THE shocking suicide of two young children in Walvis Bay and Swakopmund recently put the mental state of people that had to subdue to harsh restrictive measures of the COVID-19 State of Emergency for the past five months under the microscope.
Commenting on the prevalence of suicide especially amongst children in the region, Childline Lifeline Counselling Centre Coordinator, Lesheni Hakandonga said that there is no such thing as too young when it comes to mental health issues.
Hakandonga said that the leading causes of suicide in children can include mental health conditions such as anxiety or depression, trauma, or toxic home environments.
“A child has a voice, and sometimes as parents, we do not allow children to voice themselves and as a result, they feel not accepted. Trauma can be a contributing factor which leads to suicide, abusive relationships take a toll on the mental health of children, even as adults we do not forget traumatic memories, they become impeded in our subconscious mind, even a four-year-old toddler can experience trauma and remember it when they are older,” Hakandonga said.

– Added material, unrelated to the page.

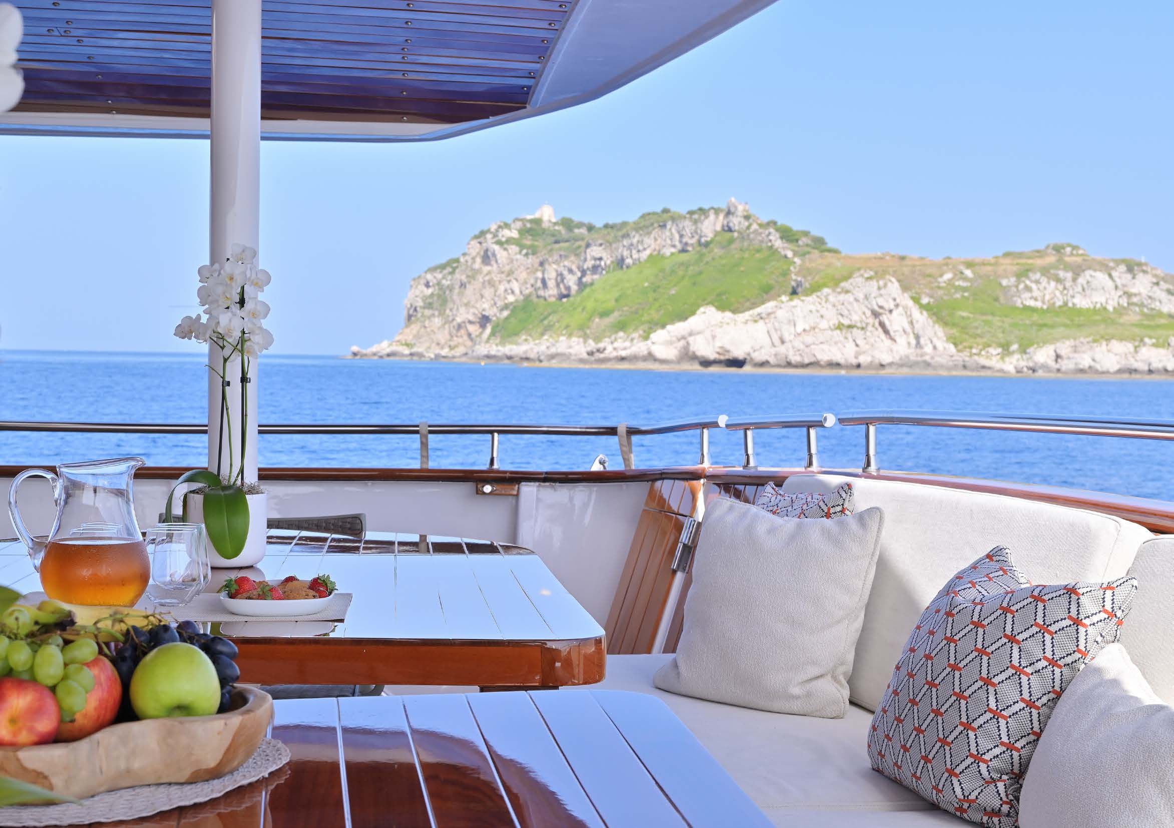A true gentleman’s yacht, SHAHA combines timeless design by André Mauric with impressive volume for her size, thanks to her generous 8.23m beam. She accommodates up to 12 guests in 6 staterooms and offers expansive exterior living spaces, including a large, uncluttered sun deck designed for relaxation and entertaining.

She advised that warning signs that a child may commit suicide include a change in behaviour patterns. “As a guardian, you can see a change in the behaviour of your children, sometimes a child can go from being very talkative to being in a shell. Children are relatable beings, they like to be played with, they like people who are fully aware and conscious of their presence, that’s why they sometimes find it easier to talk to strangers. If any parent notices issues, call ChildLine on the toll-free line 116 or the GBV hotline on 106,” Hakandonga concluded.